Briones: Heat index going through the roof

On the go
Publio J. Briones III
Publio J. Briones III

I have a running joke with the universe regarding the weather. Unfortunately, everyone else is laughing except me because, as it turns out, I am on the receiving end of the gag.

I mean, how many times have I ranted about the heat and the lack of water and other things association with the dry weather condition only to have it backfire on me the very next day?

You know what I mean?

I point out temperatures, cite meteorological facts that, frankly, I only understand on the surface, and basically complain about how hot it is.

And then, the next day, boom; it rains.

I feel like a fool sometimes, pontificating on top of my moral pedestal about this and that about the effects of an extremely high heat index and whatnot, but what the universe doesn’t know is that I’m on to its antics.

Yes. I see you, universe. And you’re not going to one-up me this time. Oh no. I’m not having it.

People who are basking in the sunshine somewhere in a tropical islet are probably shaking their head, wondering what the heck I am talking about.

Or people who have locked themselves in their air-conditioned rooms might find me crazy.

But get this, Jhomer Eclarino, a state meteorologist at the Philippine Atmospheric, Geophysical and Astronomical Services Administration (Pagasa) Visayas, has warned the public that the heat index in Cebu in the coming months may go up as high as the “dangerous” 51 degrees Celsius.

Before I continue and you accuse me of being a fearmongerer or a provocateur, “dangerous” is Jhomer’s word not mine.

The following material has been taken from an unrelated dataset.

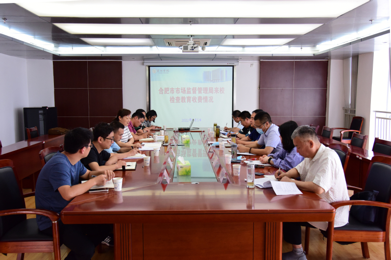 9月5日上午,合肥市教育收费专项检查工作领导组副组长、合肥市市场监管局副局长杨三龙一行7人来校检查教育收费工作。学校在第五会议室召开工作会议。会议由财务处处长刘亚平主持。学工部、教务处、后勤处主要负责人及相关工作人员参加会议。

And yes, we’re on a first-name basis since I’m using him as a reference. I don’t like to be too formal with my reference person because I’d like to think I can trust the person considering I am spewing out facts based on what that person has said based on his or her expertise.

You know what I mean.

But who cares about my relationship with Jhomer, or lack of, since I don’t know the guy nor have I ever met him.

But for the sake of this column, which, I promise, is going somewhere, I’m going to continue to talk about the heat index.

Now, shall we address the elephant in the room?

The heat index, according to Pagasa, is the feels-like temperature, or a combination of air temperature and humidity to indicate how hot the weather feels to the human body.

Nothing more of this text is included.